**Goal of the exercise:**
Once you find the line containing "공사는 '안심住머니' 앱에", set down exactly that line and every one after it through the end of the listing below, with both ends included and any pictures omitted.
- Opening Delimiter -
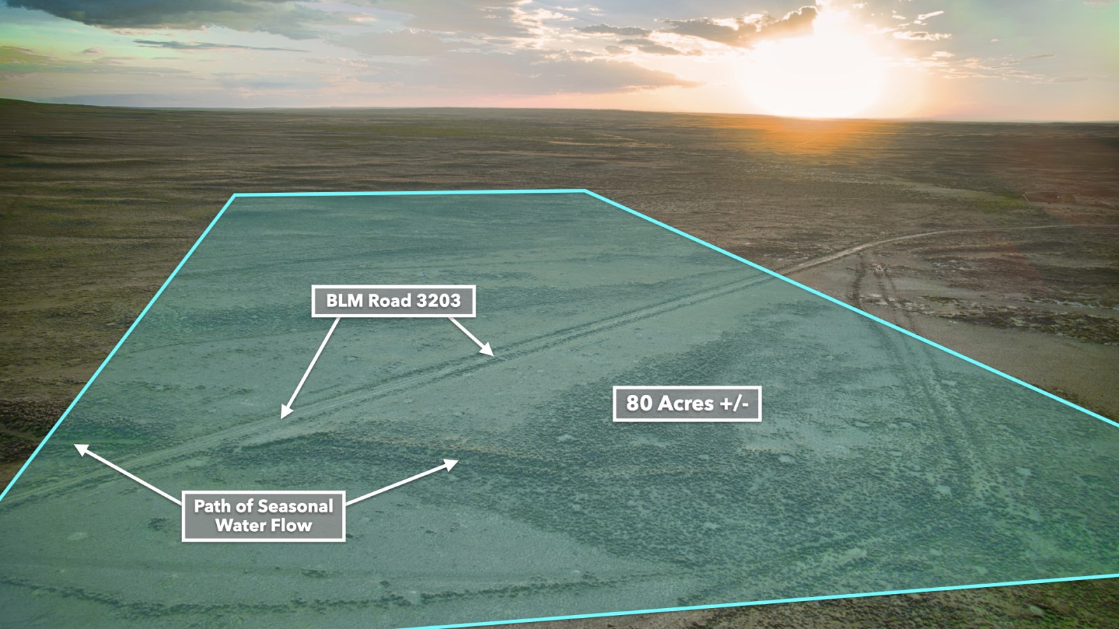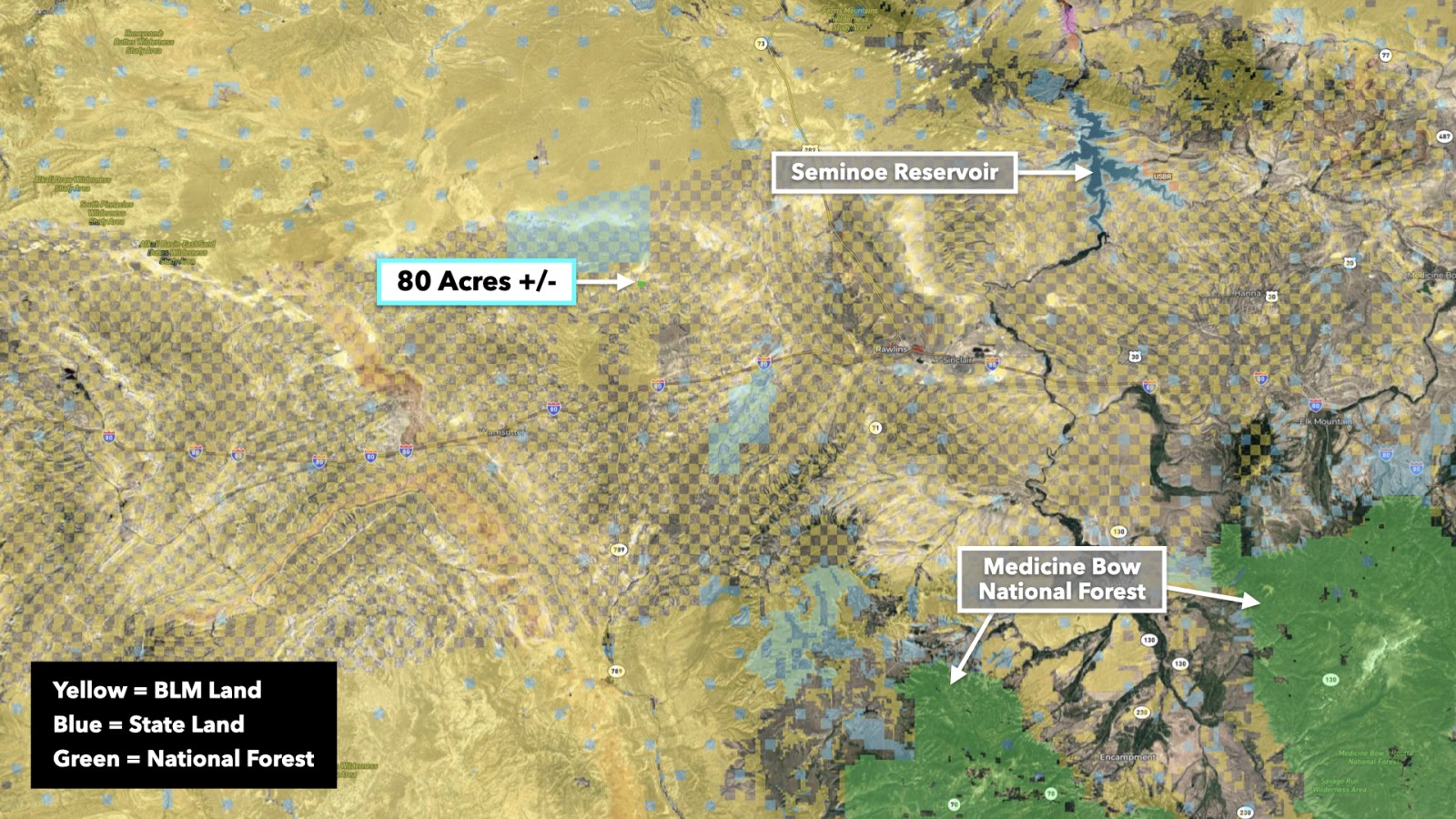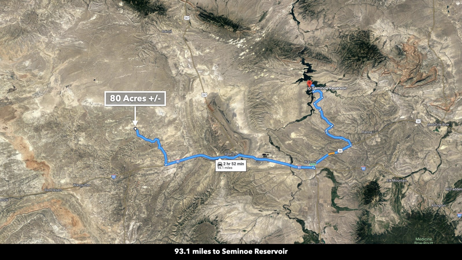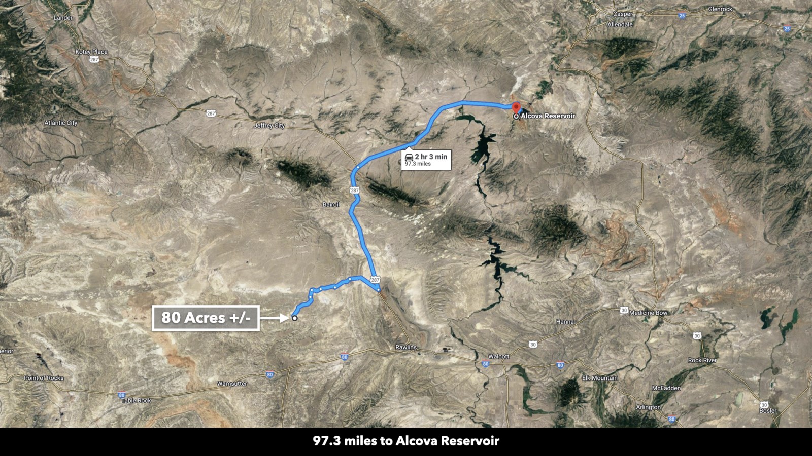 The property has 0.3 miles of road access along BLM Road 3203 which connects to I-80 15.3 miles to the south. Take the interstate west into Rock Springs or east into Rawlins. Both cities have restaurants, grocers, and professional and medical services available.
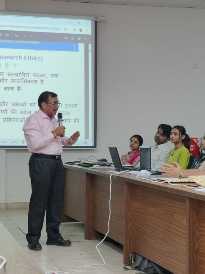 उद्घाटन सत्र के पश्चात प्रथम तकनीकी सत्र का आयोजन किया गया। इस सत्र के मुख्य वक्ता डॉ. तपेश चंद्र गुप्ता रहे। उन्होंने “रिसर्च एथिक्स” विषय पर विस्तार से जानकारी देते हुए शोध की अवधारणा, नैतिकता, पारदर्शिता बनाए रखने की आवश्यकता और अनुसंधान में जिम्मेदारियों पर प्रकाश डाला। उन्होंने ’’आईपीआर, पेटेंट, कॉपीराइट, ट्रेडमार्क, इंडेक्सिंग और प्लेगरिज्म’’ जैसे महत्वपूर्ण पहलुओं के बारे में भी विस्तार से बताया। साथ ही उन्होंने शोध विषय के चयन, शोध पत्र लेखन की प्रक्रिया तथा शोध में ’’कंप्यूटर और आर्टिफिशियल इंटेलिजेंस’’ की भूमिका पर भी शोधार्थियों को मार्गदर्शन दिया और बताया कि आधुनिक शोध में तकनीकी उपकरणों का सही उपयोग शोध की गुणवत्ता और प्रभाव को बढ़ा सकता है। डॉ. गुप्ता ने शोधार्थियों को सलाह दी कि वे अपने शोध पत्रों को लिखते समय वैज्ञानिक प्रमाणों, संदर्भों और नैतिक मानकों का पालन करें। उन्होंने शोध में ’’आईपीआर, पेटेंट, कॉपीराइट, ट्रेडमार्क, इंडेक्सिंग और प्लेगरिज्म’’ जैसे महत्वपूर्ण विषयों पर विस्तृत जानकारी दी। उन्होंने कहा कि शोध का उद्देश्य केवल प्रकाशन नहीं बल्कि समाज और विज्ञान के लिए मूल्यवान योगदान देना होना चाहिए।
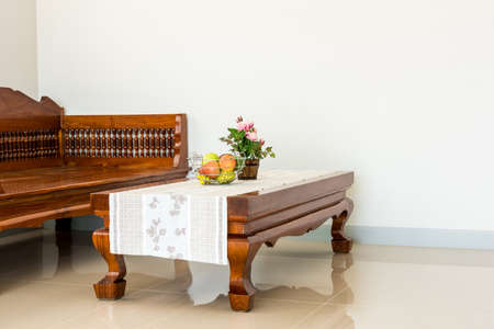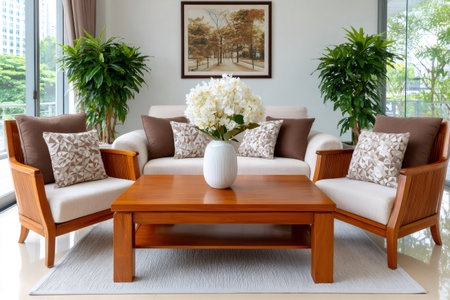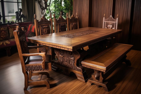 Vintage wooden furniture set with detailed carvings and comfortable cushions creates a warm atmosphere in a beautifully designed interior space
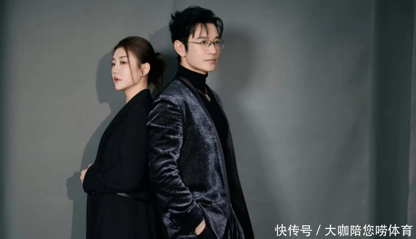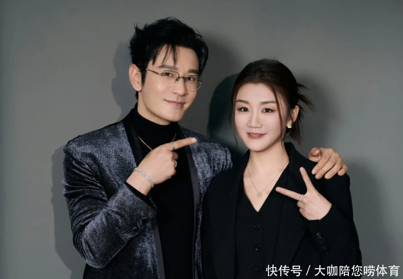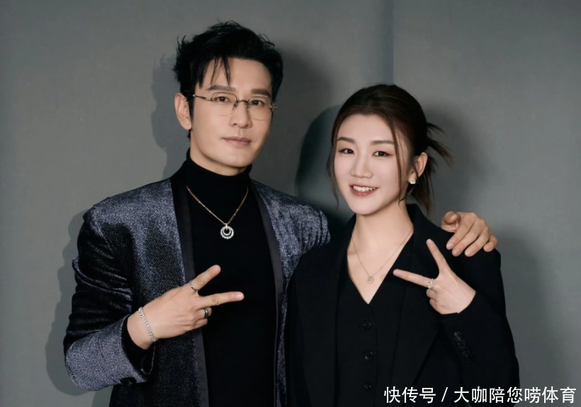 其中一张照片上,黄晓明带着一副银边眼镜,穿着黑色的打底衫,外面是一套银灰色的西装。他左手搭在陈梦的左肩,右手做出胜利的手势。而陈梦把头发盘在脑后。穿着一套黑色的职业套装。
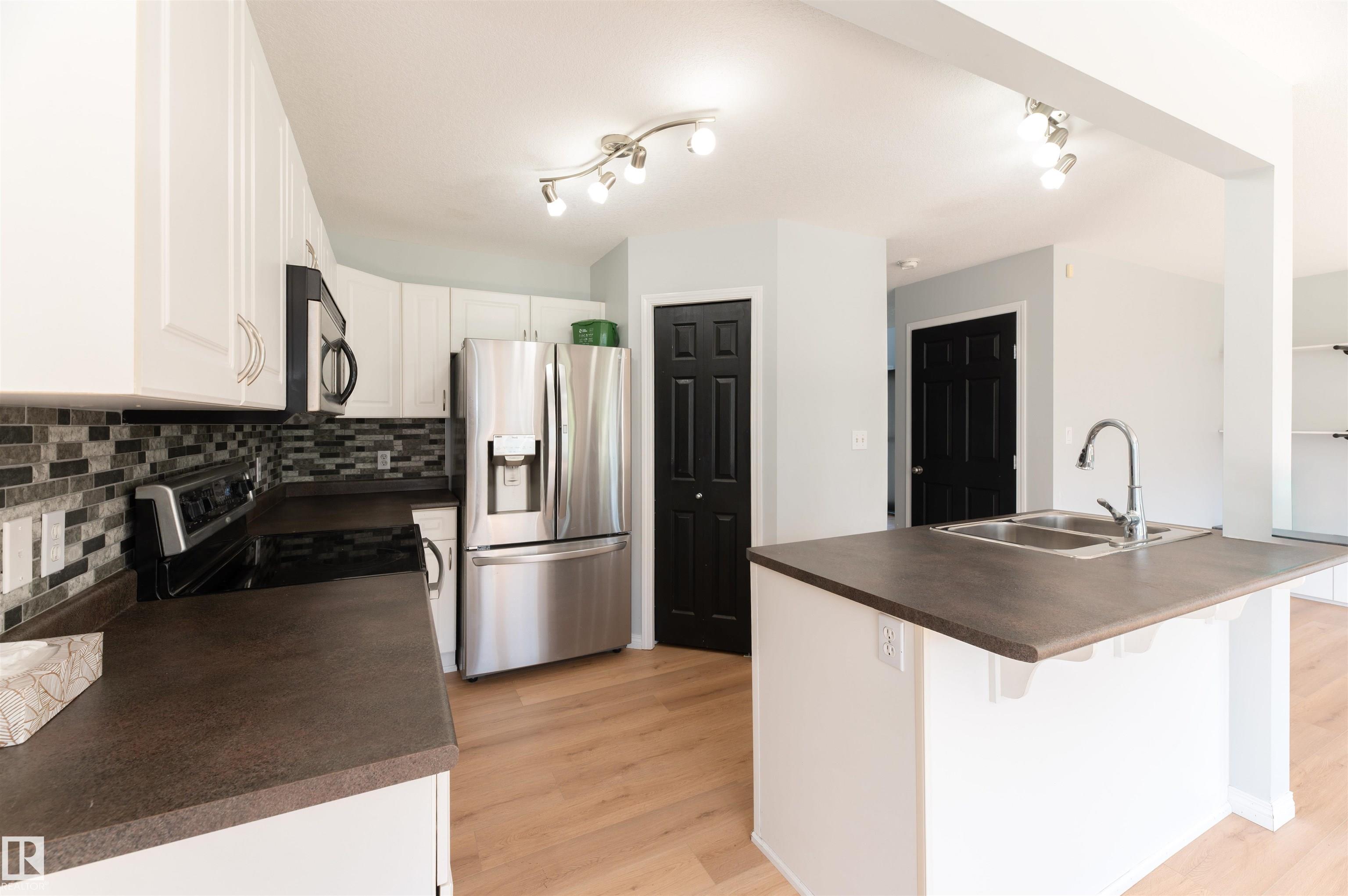 Welcome to this wonderful home in Clareview Town Center! This 3 bed, 2 bathroom, 1300 Sqft has an amazing backyard oasis. $30k was spent on the landscaping over the years.Gas line for BBQ, Gazebo & custom cedar bench that is staying with the purchase. House has cold AC, heated & insulated 20 x 20 garage with overhead storage. New flooring on main just done, and a custom built in TV wall unit. Remote controlled power blinds main floor & primary and north bedroom. And the natural south facing windows allow wonderful light that just brightens the whole main floor. Just spectacular. Basement is ready to develop to suit the new owner.
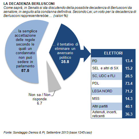 Alla domanda su cosa rappresenta il voto per la decadenza di Silvio Berlusconi il 57,5% degli intervistati risponde che non sarebbe altro che l’applicazione di una legge che impedisce ad un condannato di sedere in Parlamento, mentre il 35,8% la vede solo come un tentativo di eliminare dal mondo politico un avversario vincente e temuto.
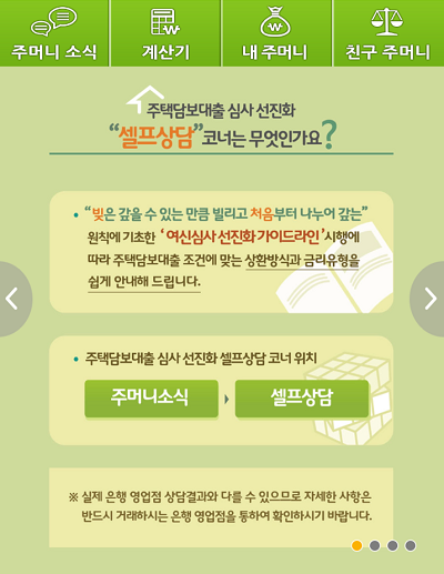 공사는 '안심住머니' 앱에 대화식 셀프상담을 신설해 향후 주택담보대출을 받고자 하는 고객이 앱의 질문에 순서대로 대답하면 이번 가이드라인 적용대상인지 여부를 알려줌으로써 선진화 방안에 대한 고객 불편과 혼란을 최소화하도록 했다.
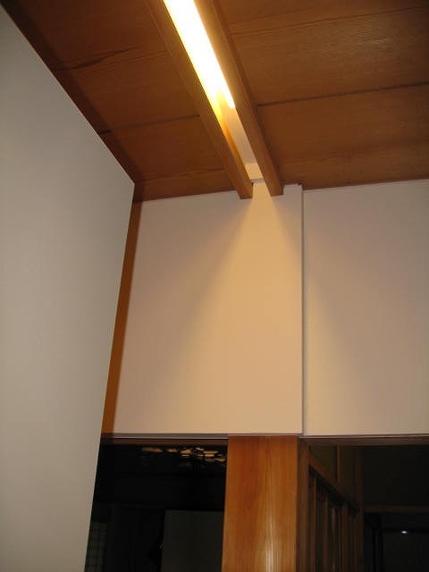 玄関正面の引き戸のための垂れ壁を取ってすっきりさせたが、廻縁が残った。これを利用して隙間に細い蛍光灯を入れ、間接照明風にした。
- Closing Delimiter -
**Solution to the problem:**
 공사는 '안심住머니' 앱에 대화식 셀프상담을 신설해 향후 주택담보대출을 받고자 하는 고객이 앱의 질문에 순서대로 대답하면 이번 가이드라인 적용대상인지 여부를 알려줌으로써 선진화 방안에 대한 고객 불편과 혼란을 최소화하도록 했다.
 玄関正面の引き戸のための垂れ壁を取ってすっきりさせたが、廻縁が残った。これを利用して隙間に細い蛍光灯を入れ、間接照明風にした。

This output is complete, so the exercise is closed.